Woman loses bid to sue police after getting so drunk officers had to change her vomit-soaked clothes

Woman loses bid to sue police after getting so drunk officers were forced to change her vomit-soaked clothes rather than leave her to ‘marinade overnight in her own bodily fluids’

A woman who sued the police after becoming so drunk officers were forced to change her vomit-soaked clothes rather than leave her to ‘marinade overnight in her own bodily fluids’ has had her case thrown out by a High Court judge.

Cheryl Pile was arrested by Merseyside Police on April 22 2017 for being drunk and disorderly after a taxi driver rang 999 claiming she had started abusing him and ‘kicking off’.

She was described as being ‘covered in vomit’ by officers and taken to a Liverpool police station, where four female officers removed her outer clothes and gave her a clean, dry outfit.

In his ruling, the judge said that at the police station, Ms Pile’s ‘befuddled attempts to give her details, including her own name, reveal that she was incoherent with drink’. The judge found: ‘The officers had used no more force than was strictly necessary to remove the claimant’s clothing and she was too drunk to understand what was going on’

Ms Pile – who later agreed to pay a £60 fine for being drunk and disorderly – brought a claim against the force, arguing they did not have the right to change her and had breached her human rights. 

In a ruling published on Friday, Mr Justice Turner dismissed Ms Pile’s appeal, which he said had been brought ‘to establish the liberty of inebriated English subjects to be allowed to lie undisturbed overnight in their own vomit-soaked clothing’. 

He said: ‘She had emptied the contents of her stomach all over herself and was too insensible with drink to have much idea of either where she was or what she was doing there (at the police station).
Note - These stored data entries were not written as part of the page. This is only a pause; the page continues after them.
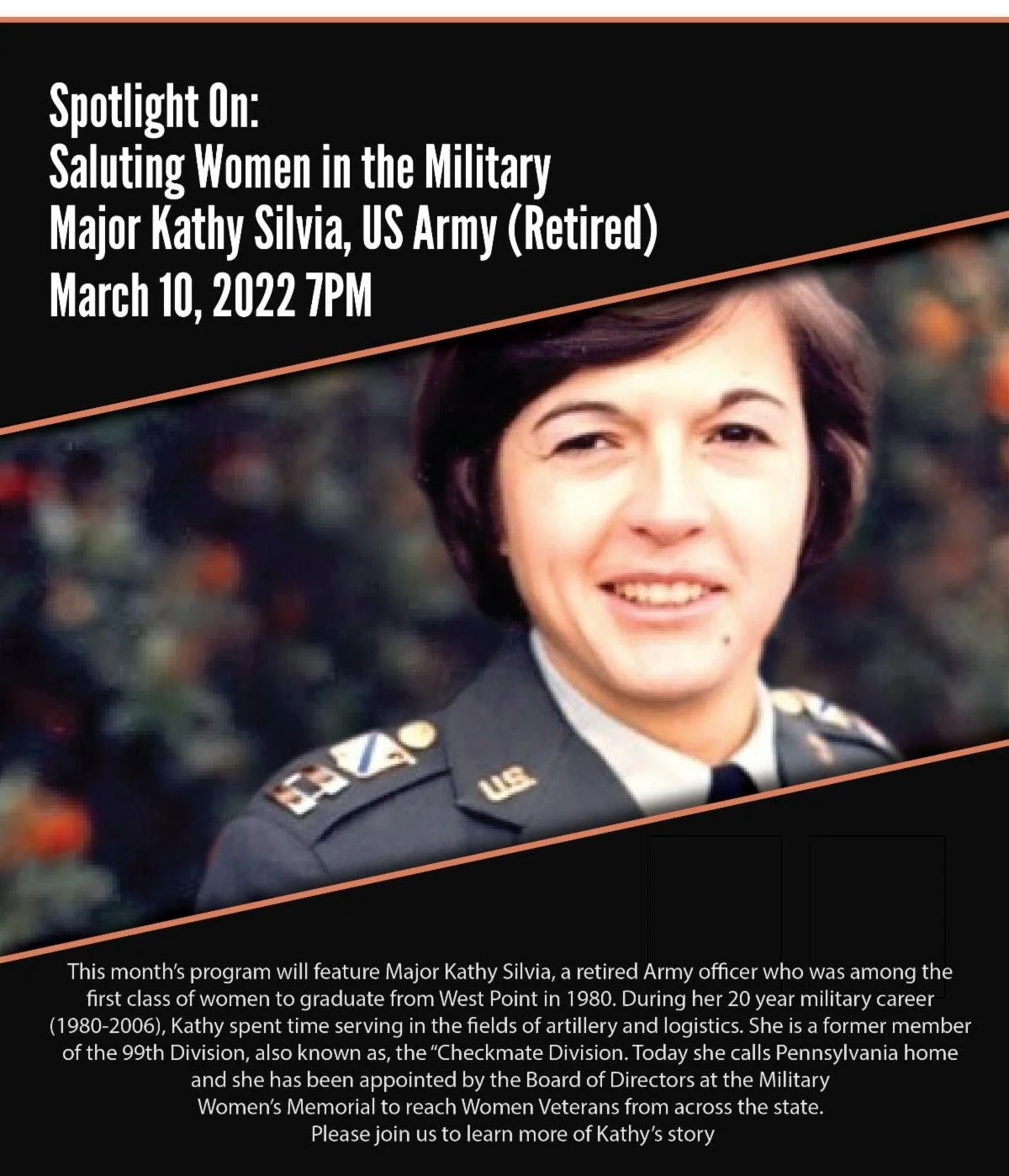 This month’s program will feature Major Kathy Silvia, a retired Army officer who was among the first class of women to graduate from West Point in 1980. During her 20 year military career (1980-2006), Kathy spent time serving in the fields of artillery and logistics. She is a former member of the 99th Division, also known as, the “Checkmate Division”. Today she calls Pennsylvania home and she has been appointed by the Board of Directors at the Military Women’s Memorial to reach Women Veterans from across the state. Please join us to learn more of Kathy’s story.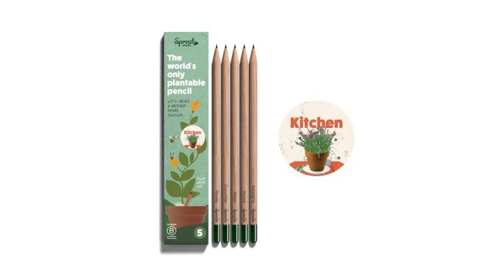 Sprout Kitchen Edition er et sæt med 5 skønne blyanter, der lader din kreativitet blomstre på papiret – og bagefter i køkkenet! Når du har brugt blyanten færdig, kan du nemlig plante den i en potte eller i haven og se den forvandle sig til lækre krydderurter eller grønt, lige til at bruge i madlavningen.
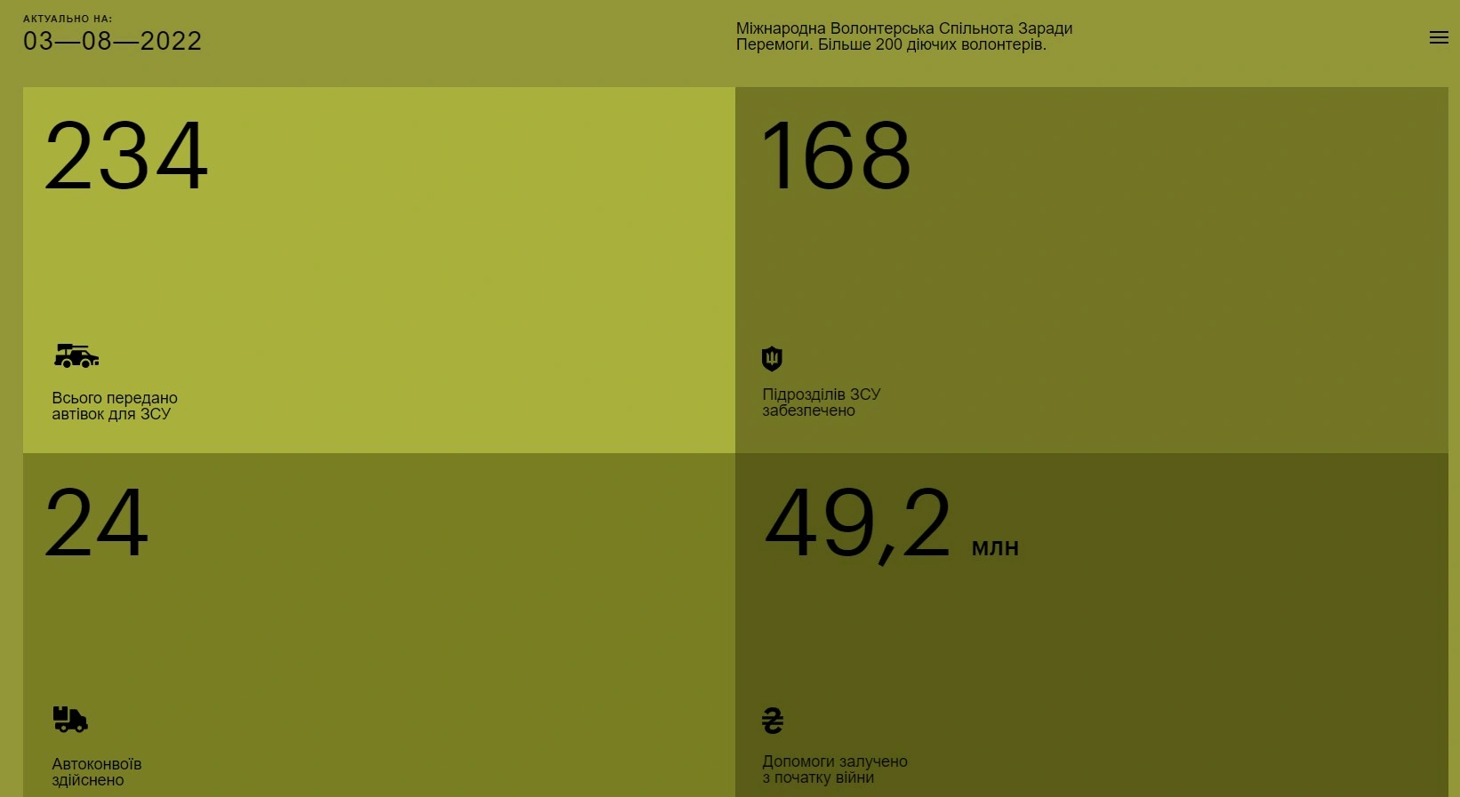 О. П.: Перші машини я возив власним коштом. Якби не почалось вторгнення, за тиждень ми з сім’єю мали купувати квартиру. Ось ці гроші я і використав на придбання машин. Почав шукати «швидкі», тому що нам їх не вистачає. Почались обстріли, поранені… А вже потім перейшов на пікапи та позашляховики, тому що сформувалась ціль – допомогти спецпідрозділам. Тоді ще не було лінії фронту, а було тільки розуміння, що саме «спецура» перебуває на вістрі боротьби, тож саме вони потребують підтримки. Тому перші пікапи та позашляховики були надані ССО Нацполіції, ССО ЗСУ, Альфа СБУ… Тобто найбільш лютим нашим хлопцям і дівчатам.

‘Rather than leave the vulnerable claimant to marinade overnight in her own bodily fluids, four female police officers removed her outer clothing and provided her with a clean dry outfit to wear.

‘The claimant was so drunk that she later had no recollection of these events.

‘It is against this colourful background that she brought a claim against the police in trespass to the person and assault alleging that they should have left her squalidly and unhygienically soaking in vomit.’

In his ruling, the judge said that at the police station, Ms Pile’s ‘befuddled attempts to give her details, including her own name, reveal that she was incoherent with drink’.

The judge found: ‘The officers had used no more force than was strictly necessary to remove the claimant’s clothing and she was too drunk to understand what was going on.’

Ms Pile also complained that officers breached her right to privacy by placing her in a cell monitored by a CCTV camera, which was rejected by the judge.

Cheryl Pile was arrested by Merseyside Police on April 22 2017 for being drunk and disorderly after a taxi driver rang 999 claiming she had started abusing him and 'kicking off' [File photo]

Cheryl Pile was arrested by Merseyside Police on April 22 2017 for being drunk and disorderly after a taxi driver rang 999 claiming she had started abusing him and ‘kicking off’ [File photo]

He said it was ‘fortunate’ that Ms Pile was being observed as, after she was left alone in the cell, she ‘lost her balance, fell over and banged her head on the cell floor’. 

She was taken to hospital and treated for her injuries.

He concluded: ‘The decision to monitor her cell and broadcast the footage to the custody suite was both lawful and necessary. Indeed, it subsequently equipped officers to see that she had fallen over and hurt herself so that she could be given prompt medical attention.’

Mr Justice Turner noted that ‘some members of the public may well have found it to have been a grotesque result if a woman who: has rendered herself insensible through drink; abused an innocent taxi driver; behaved aggressively to police officers trying to do their job and vomited all over herself should then be found to be entitled to compensation because those same officers, as an act of decency, had then changed her into clean and dry clothing at a time when she was too drunk to know or care.’